= What the task asks =
Below, find the line containing "ما أعظم شأنه." and the line containing "とろみがついて、チキンの旨みをたっぷり含んだほうれん草 カレーソースが完成。 |"; reproduce exactly those two and every line between them, omitting pictures.

= Records for this task =

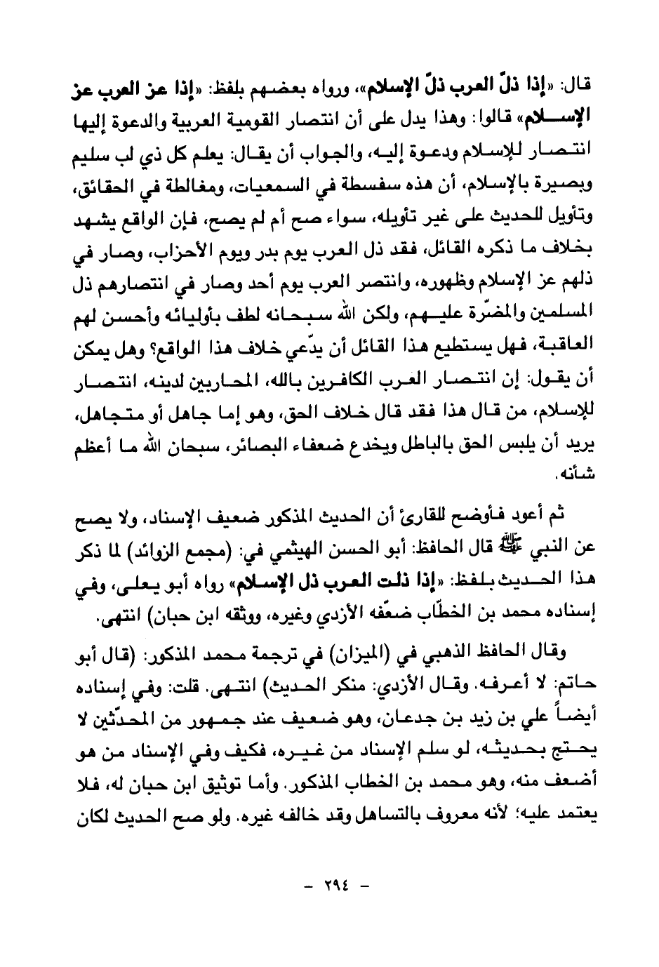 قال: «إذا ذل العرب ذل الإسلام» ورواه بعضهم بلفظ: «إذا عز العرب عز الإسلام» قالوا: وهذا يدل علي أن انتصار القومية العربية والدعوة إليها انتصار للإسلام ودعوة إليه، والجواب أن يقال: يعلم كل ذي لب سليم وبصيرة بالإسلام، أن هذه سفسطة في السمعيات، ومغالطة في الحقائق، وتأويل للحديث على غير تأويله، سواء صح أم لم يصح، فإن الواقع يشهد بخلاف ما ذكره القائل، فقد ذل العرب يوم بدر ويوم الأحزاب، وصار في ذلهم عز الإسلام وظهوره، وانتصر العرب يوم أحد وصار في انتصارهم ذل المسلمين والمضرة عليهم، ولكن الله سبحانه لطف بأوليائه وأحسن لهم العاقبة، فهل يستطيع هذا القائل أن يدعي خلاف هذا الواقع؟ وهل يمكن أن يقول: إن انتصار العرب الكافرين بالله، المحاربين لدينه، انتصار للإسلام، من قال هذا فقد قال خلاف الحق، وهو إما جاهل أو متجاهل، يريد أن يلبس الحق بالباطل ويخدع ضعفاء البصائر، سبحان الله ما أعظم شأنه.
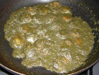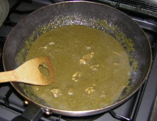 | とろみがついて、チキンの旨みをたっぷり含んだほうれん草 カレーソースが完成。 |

...

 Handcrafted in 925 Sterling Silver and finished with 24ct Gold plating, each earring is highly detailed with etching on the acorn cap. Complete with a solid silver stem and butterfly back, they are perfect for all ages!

--

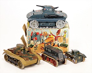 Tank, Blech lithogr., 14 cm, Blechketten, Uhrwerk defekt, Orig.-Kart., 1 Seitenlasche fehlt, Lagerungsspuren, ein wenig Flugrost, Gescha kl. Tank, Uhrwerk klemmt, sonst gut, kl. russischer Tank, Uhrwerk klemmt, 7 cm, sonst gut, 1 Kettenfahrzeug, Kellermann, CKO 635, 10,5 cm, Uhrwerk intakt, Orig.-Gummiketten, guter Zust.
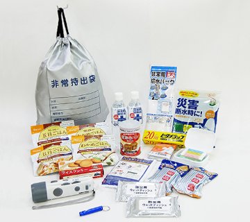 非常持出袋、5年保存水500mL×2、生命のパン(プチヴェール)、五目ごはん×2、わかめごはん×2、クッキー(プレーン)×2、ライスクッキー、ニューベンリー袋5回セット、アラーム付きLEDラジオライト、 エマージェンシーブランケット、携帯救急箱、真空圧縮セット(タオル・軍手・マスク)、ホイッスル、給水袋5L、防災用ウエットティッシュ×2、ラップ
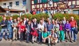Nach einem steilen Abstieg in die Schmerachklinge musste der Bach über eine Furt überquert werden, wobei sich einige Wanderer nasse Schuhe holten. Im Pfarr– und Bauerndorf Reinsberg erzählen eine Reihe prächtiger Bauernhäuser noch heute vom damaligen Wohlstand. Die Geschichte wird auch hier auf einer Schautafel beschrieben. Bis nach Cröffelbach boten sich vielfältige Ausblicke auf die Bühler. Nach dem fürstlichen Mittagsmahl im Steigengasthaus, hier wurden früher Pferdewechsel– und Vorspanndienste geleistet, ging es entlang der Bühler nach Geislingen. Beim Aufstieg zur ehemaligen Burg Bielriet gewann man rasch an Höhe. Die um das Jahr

= Reply =
 قال: «إذا ذل العرب ذل الإسلام» ورواه بعضهم بلفظ: «إذا عز العرب عز الإسلام» قالوا: وهذا يدل علي أن انتصار القومية العربية والدعوة إليها انتصار للإسلام ودعوة إليه، والجواب أن يقال: يعلم كل ذي لب سليم وبصيرة بالإسلام، أن هذه سفسطة في السمعيات، ومغالطة في الحقائق، وتأويل للحديث على غير تأويله، سواء صح أم لم يصح، فإن الواقع يشهد بخلاف ما ذكره القائل، فقد ذل العرب يوم بدر ويوم الأحزاب، وصار في ذلهم عز الإسلام وظهوره، وانتصر العرب يوم أحد وصار في انتصارهم ذل المسلمين والمضرة عليهم، ولكن الله سبحانه لطف بأوليائه وأحسن لهم العاقبة، فهل يستطيع هذا القائل أن يدعي خلاف هذا الواقع؟ وهل يمكن أن يقول: إن انتصار العرب الكافرين بالله، المحاربين لدينه، انتصار للإسلام، من قال هذا فقد قال خلاف الحق، وهو إما جاهل أو متجاهل، يريد أن يلبس الحق بالباطل ويخدع ضعفاء البصائر، سبحان الله ما أعظم شأنه.
 | とろみがついて、チキンの旨みをたっぷり含んだほうれん草 カレーソースが完成。 |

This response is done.